Carrier species identification: the host tag was used to directly identify 73.6% of carriers to species level. For the remaining sequences a simple disambiguation algorithm was applied resulting in the identification of 94.5% of carriers. As with cargoes, sequenced organisms ranked above species level were discarded, and sequenced organisms ranked below species level (sub-species and no rank) were assigned to their parent species
Evidence extraction from publications: Having used the nucleotide database to define organisms as cargoes and carriers, we used this information to interrogate the publication metadata files obtained from PubMed. First, we retrieved all publication metadata files from PubMed for all cargoes and carriers identified above. Then, we intersected the two sets for common PubMed identifiers (i.e., finding papers which were in both sets). This enabled us to identify new combinations of carrier and cargo that were not apparent from the nucleotide evidence. Following a validation exercise9 a threshold of at least 5 papers was applied in including a publication-only interaction that was not backed up by sequence-based evidence.
22,515 unique species interactions were thus generated between 6,314 carrier species and 8,905 cargo species. Figure 3 presents an example of how this dataset could be utilised in analysing and presenting potential pathogens (bacteria, viruses, fungi, helminth and protozoa species) shared between vertebrates species in Data Citation 1: Figshare http://dx.doi.org/10.6084/m9.figshare.1381853.
Location interactions indicate the possibility of a species being found in a certain location. Locations were interpreted at two levels: country C and region R. Regions correspond to first administrative divisions rather than geographical or natural regions (e.g., states (USA), departments (France), home nations (UK), etc.). Similarly to above, these interactions were extracted in two steps.
Evidence extraction from nucleotide sequences metadata: 6,714,520 metadata files where location information was provided (about 17.5% of the total), were processed as follows:
Species identification: sequenced organisms were processed in a similar way to cargoes in the previous subsection.
Location identification: The string within the country tag was assumed to adhere to the following format ‘Country: Location’, the typical format of items within the nucleotide database.
Country identification: the country part of the extracted strings was matched against our collection of geographical identifiers. Where the country was found to be a historical one (e.g., Yugoslavia) region information (if available) were used to identify the country (and where possible region), otherwise data were discarded. Water bodies (e.g., oceans and seas), were also discarded where no region substring was provided, or where the region substring was also a water body.
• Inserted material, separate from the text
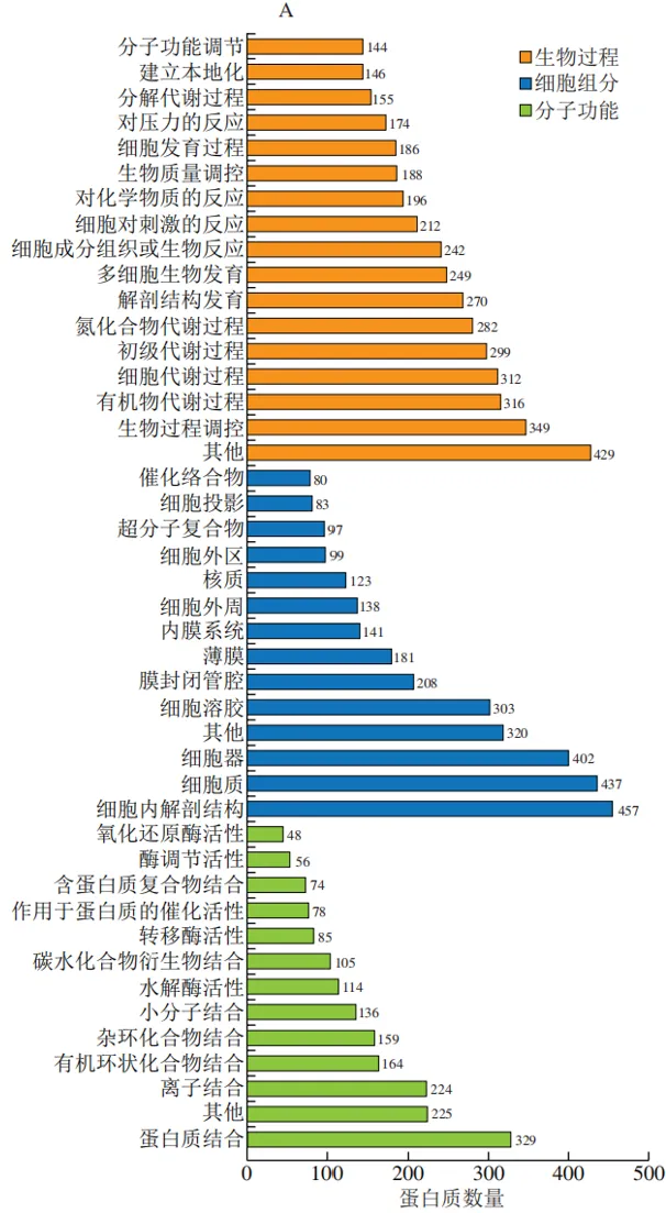 如图3C所示,排酸第9天,AMRP组相比于CON组,生物过程中的差异丰度蛋白质主要参与生物过程调控(n=557)、有机物代谢过程(n=534)、细胞代谢过程(n=522)、初级代谢过程(n=508)等。细胞组分中的差异丰度蛋白质主要参与细胞内解剖结构(n=739)、细胞质(n=713)等。分子功能中的差异丰度蛋白质主要涉及蛋白质结合(n=523)、离子结合(n=372)等。

Region identification: countries without administrative divisions and small countries (e.g., Andorra) were excluded from this step. A region identification algorithm was applied. The algorithm splits the location string into substrings, each of which is matched against the collected location names from higher to lower ranked places (e.g., first administrative divisions, capitals, second administrative divisions, third administrative divisions, cities, towns, villages), and selecting the highest ranked match. Below are some examples:
‘Italy: Milan’: C=Italy and R=Regione Lombardia.
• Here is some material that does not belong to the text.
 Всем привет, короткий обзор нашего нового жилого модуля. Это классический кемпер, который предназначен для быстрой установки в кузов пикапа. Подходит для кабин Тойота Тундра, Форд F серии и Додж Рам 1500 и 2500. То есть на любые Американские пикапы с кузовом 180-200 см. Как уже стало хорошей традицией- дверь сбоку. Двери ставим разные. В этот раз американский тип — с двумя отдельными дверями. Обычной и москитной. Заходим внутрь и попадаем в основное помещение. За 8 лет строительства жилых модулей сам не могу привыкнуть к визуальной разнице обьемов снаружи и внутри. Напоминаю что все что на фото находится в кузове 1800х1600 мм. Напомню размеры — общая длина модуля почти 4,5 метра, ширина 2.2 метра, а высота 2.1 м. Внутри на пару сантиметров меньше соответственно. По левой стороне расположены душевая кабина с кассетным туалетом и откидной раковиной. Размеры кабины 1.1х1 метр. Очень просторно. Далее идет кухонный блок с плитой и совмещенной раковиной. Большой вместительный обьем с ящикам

‘USA: MA’: C=United States and R=Massachusetts.
‘China: Shantou’: C=China and R=Quangdong sheng.
‘United Kingdom: Yorkshire, Old Peak’: C=United Kingdom and R=England.
Evidence extraction from publications: Suitable PubMed search terms were generated for countries and their regions, taking into account whether the country is in the MeSH library, and including the main geographical locations (such as region capitals, main cities, counties etc.) in the search terms, as per the following steps:
The country C is in the MeSH library:
A MeSH-based search term was generated to retrieve PubMed paper identifiers (PMIDs) for publications about C. We refer to this set of PMIDs as PMIDC.
For each region R of C, a title and abstract only search term was generated using the region name, major cities and landmarks within the region. For instance, the following search term was used to retrieve publications about Scotland (‘Scotland’ [title or abstract] or ‘Glasgow’ [title or abstract] or ‘Edinburgh’ [title or abstract]) or …...). We refer to this set of PMIDs as PMIDR.
Only the PMIDs appearing in both sets were included when extracting information about regions within a country. We refer to this set as PMIDRC.
The set of PMIDs retrieved for each species was then intersected with PMIDC and PMIDRC.
Where the results of the intersection contained five or more publications the interaction of species-country or species-region (in a country) was added to the database.
The country C is not in the MeSH library: an altered search term was used to look for the country in the title or abstract of the papers using the country's official name and the set of alternative names. Steps (a).ii-(a).v were then executed as described above.
In this way, 157,204 locations for 72,533 species were identified.
The enhanced infectious disease database (EID2) database
The raw data curated in the above steps, and the identified interactions are stored in a web-fronted relational-database, the Enhanced Infectious Disease Database (EID2) (www. zoonosis. ac. uk/ EID2/). The database is continuously updated with new organisms, evidence and interactions. EID2 uses a 4-tier modular architecture separating the web front from the business logic and the database services following the S#arp Architecture model. EID2 is a web-based system, its user-interface UI is accessible via multiple web-browsers, and is supported by ASP.NET MVC framework from Microsoft Corporation. EID2 utilises and integrates various technologies such as Fluent Nhibernate for conversion-based, strongly typed mapping, and a number of technologies for visualisation and data-display. EID2 is freely accessible via a free of charge and simple registration procedure and subsequent login. In addition to the datasets presented in this paper, EID2 UI enables the user to access each of the evidence pieces on which the interactions were based; generate maps of the distribution of all organisms at both country level and region level, as well as access climate and other useful data.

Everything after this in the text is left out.